まだアベニン半島から魔族が追い出される前の情報だし、セイガンとやらが何かは知らないが、まぁ似たようなものだろう。
「俺は、トゥーン。
トゥーン=インターラーケンだ」
簡潔に名乗る。
が、パオラとかいう娘は聞いちゃいない。
しきりに自分の首元を触って、慌て出す。
「あんれ?あんれあんれっ!?
無いだ、オラのアンクが無いだ!」
さらにベッドや周囲も探し出す。起きあがってベッドの下を覗き込む。
リアとは違った方向で五月蠅そうなヤツだ。
慌てふためいた娘は俺に詰め寄ってきた。
「あ、あの!わだすのアンク知らねーだか!?
大事なモンなんだす。あれがなくっちゃ、毎朝のお祈りもできねーだよ!」
「……お前の荷物は、お前を助けて治療したときに、全部回収してある。
まだ山に残ってるモノもあるかもしれねーが、捜索させてる最中だ」
「ほ、ほんとだすか!?
あー、よかっただよ。修道女のクセにアンク無くしただなんて、神様に顔向けできねーだ」
アンクが何かは知らないが、どうやら祈りのための祭器らしいとは予想がついた。
一安心したところで、改めて俺に向き直って深々と礼をする。
「どこの騎士様かはしらねーだども、ほんに助けて下さってありがとうごぜましただ。
あの崖から落ちたときゃあ、絶対死んだと思いましただよ」
「礼には及ばねえ。領主としての責務だ」
「領主……?」
「ああ。俺はこのインターラーケンの領主。
トゥーン=インターラーケンだ」
パチクリと、大きな青い眼が何度も瞬きする。
アゴが外れるんじゃないかというくらい大きく口を開ける。
そして、慌てて床に膝をついて平服し出した。
「そ、それは!とんだご無礼を致しましただ!
まさか領主様が、こんなお若い方だったとは。
しかも領主様御自らが、わだすなんぞの看病をして下さってたなんぞ、夢にも思わなかったですだ!」
「あー、気にすんな。
ド田舎だからな。

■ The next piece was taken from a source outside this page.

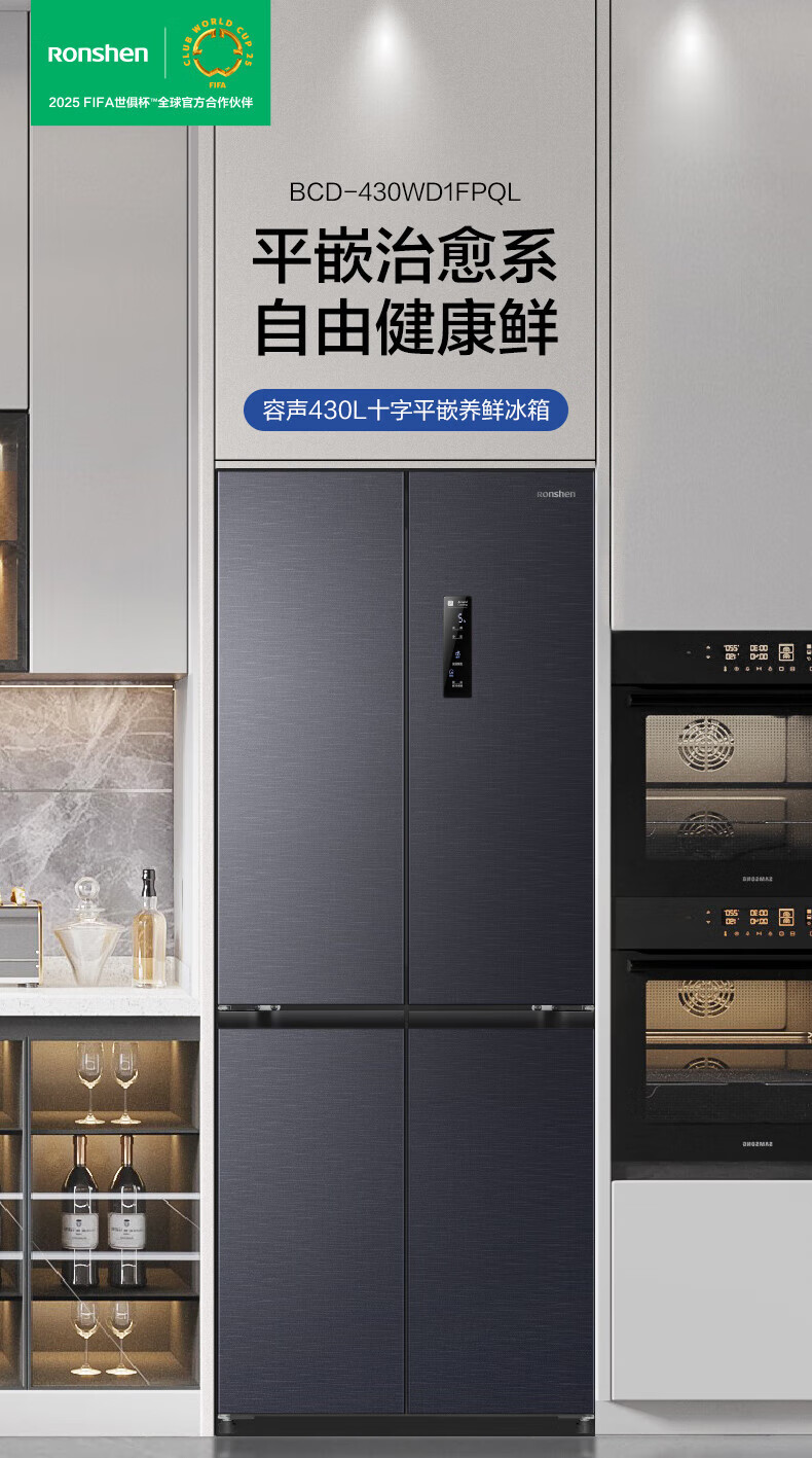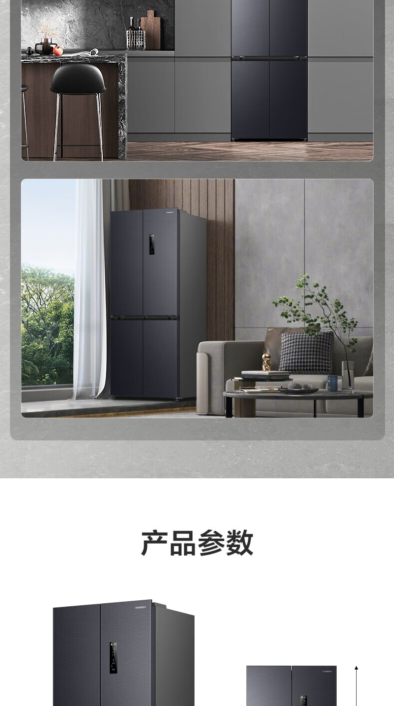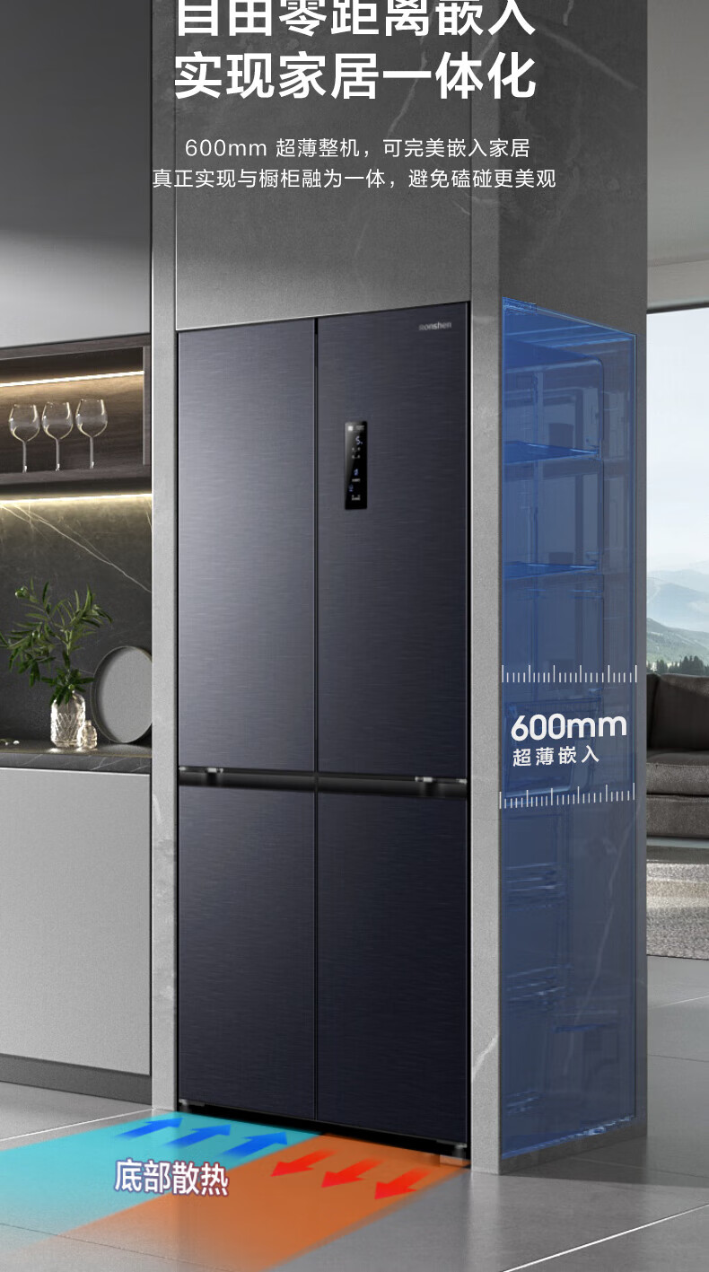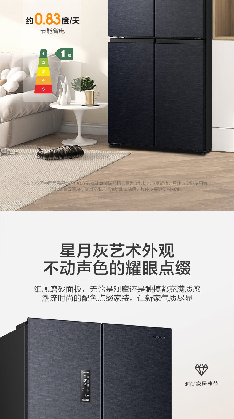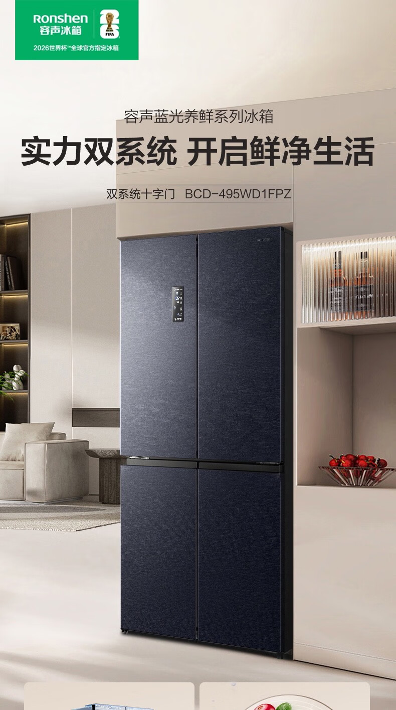 Ronshen Rongsheng cross door four-door double-door refrigerator first-class energy efficiency air-cooled frost-free household frequency conversion double cycle odor purification and sterilization 495 liters dual system active sterilization

しかも領地をもらったばっかで、まともな兵士もいやしない。
だからしょうがなく、俺が自分で見張り番をしてたわけだ」
そういって恐縮してるパオラを立たせる。
恐縮はしているが、怖がる様子はない。魔界で魔族を目の前にして。
そうか……こいつ、俺を人間と勘違いしたな?遭難したとき魔界側へ落ちたことに気付いてないわけだ。

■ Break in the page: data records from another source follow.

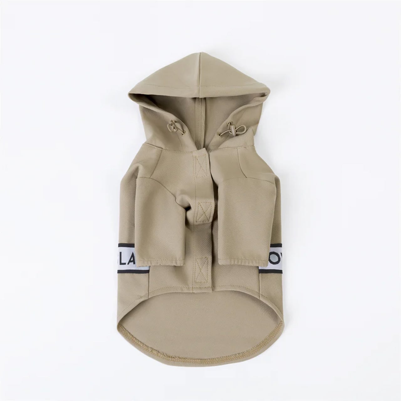 OVER GLAMのロゴが全体にデザインされたフード付きの薄めのコートです。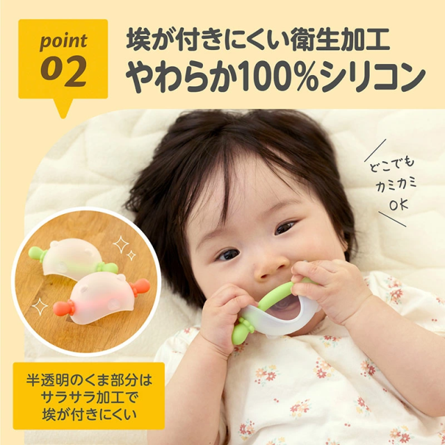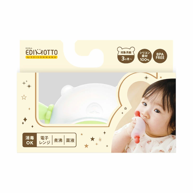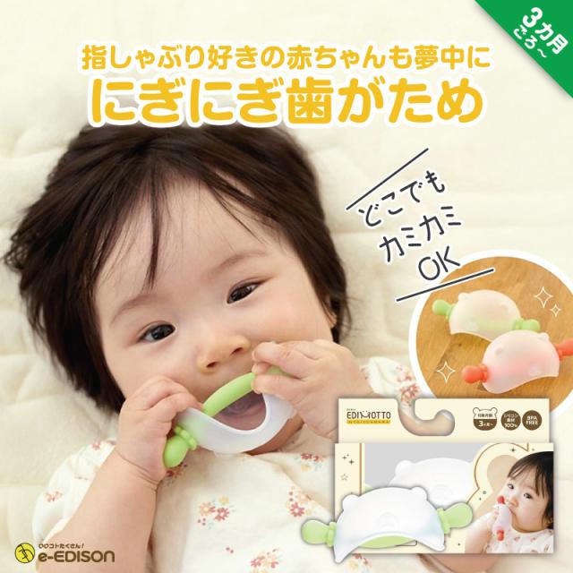 EDIMOTTO にぎにぎ歯がため ベビーベア レッド グリーン 3ヶ月ごろ〜 エジソン歯がため はがため 歯固め おしゃぶり 赤ちゃんおもちゃ 噛むことでむずがゆさを解消 のど突き防止設計 指しゃぶり 乳歯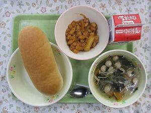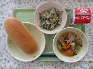 コッペパン 牛乳 ミートボールと野菜のスープ煮 アスパラの胡麻マヨネーズ和え 569Kcal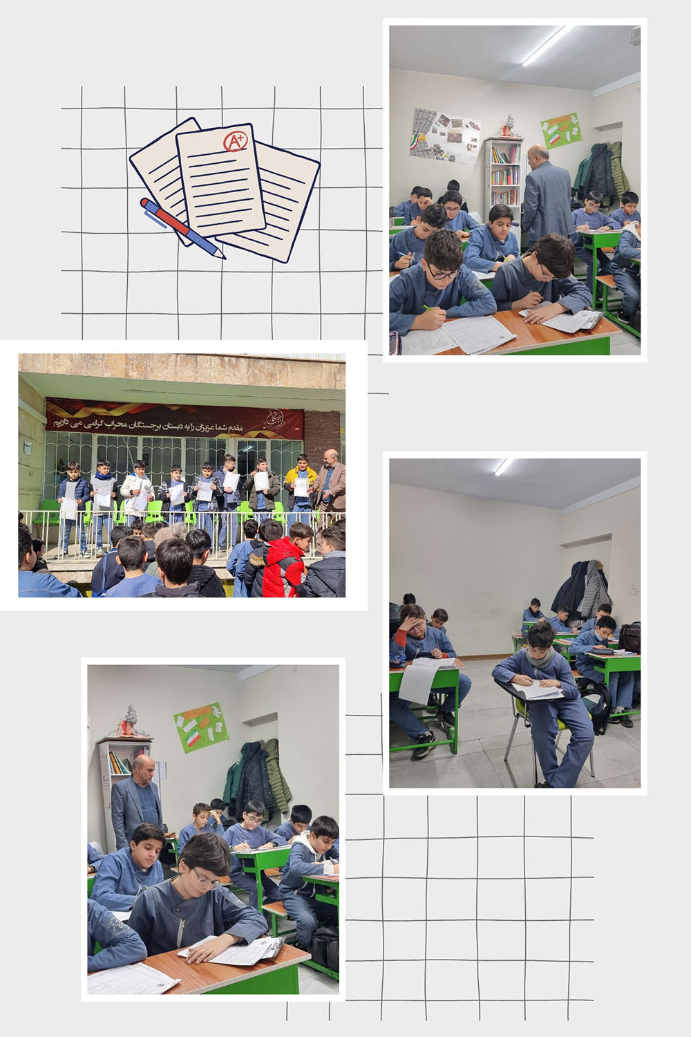 در راستای ارزیابی دقیق روند آموزشی و ارتقای سطح علمی دانش‌آموزان، آزمون‌های دوره‌ای در دبستان برجستگان محراب برگزار شد. این آزمون‌ها فرصتی بودند تا دانش‌آموزان میزان تسلط خود بر مفاهیم درسی را محک بزنند و مهارت‌های تحلیلی و یادگیری خود را به نمایش بگذارند.

俺は勇者以外の普通の人間を実際に見たのは初めてだが、俺ソックリの姿だとは学んだ。外見上の違いは魔王一族の証、四肢の魔力ラインだけだろう。足の魔力ラインは鎧で見えない。手は露出してるが、恐らく気付かれていない。
しめしめ、これは利用できる。
俺は窓際にオーク材の小さな猫足テーブルと椅子二つを持ってくる。
壁際の棚からカップを取りだし、ポットからお茶を注いで、テーブルに置いた。
「ま、飲みな」
まずは落ち着いつかそうかとお茶を入れてみた。
だが、娘はますます恐縮して後ずさる。
「そ、そんな!
オラみてーな田舎モノの修道女なんぞに、領主様がお茶を入れて下さるなんぞ、信じられねーだよ!
もったいねーこってすっ!」
「構うな。
今は人手がいねーんだ。こんなのも自分でやらなきゃならねえ」
ひとしきりペコペコ礼をしたパオラは、ようやく椅子に座ってお茶をすすった。
俺も反対側の椅子に座る。
「それで、お前は何故に遭難していたんだ?どうして山へ登っていた」
「はぁ、お恥ずかしいんだすが、実は……」
パオラの話は、要約すると以下の通り。
山の麓のオルタ村生まれ。
子供の頃に教会に預けられ、最近は修道会に入り、マテル・エクレジェ女子修道院で修行していた。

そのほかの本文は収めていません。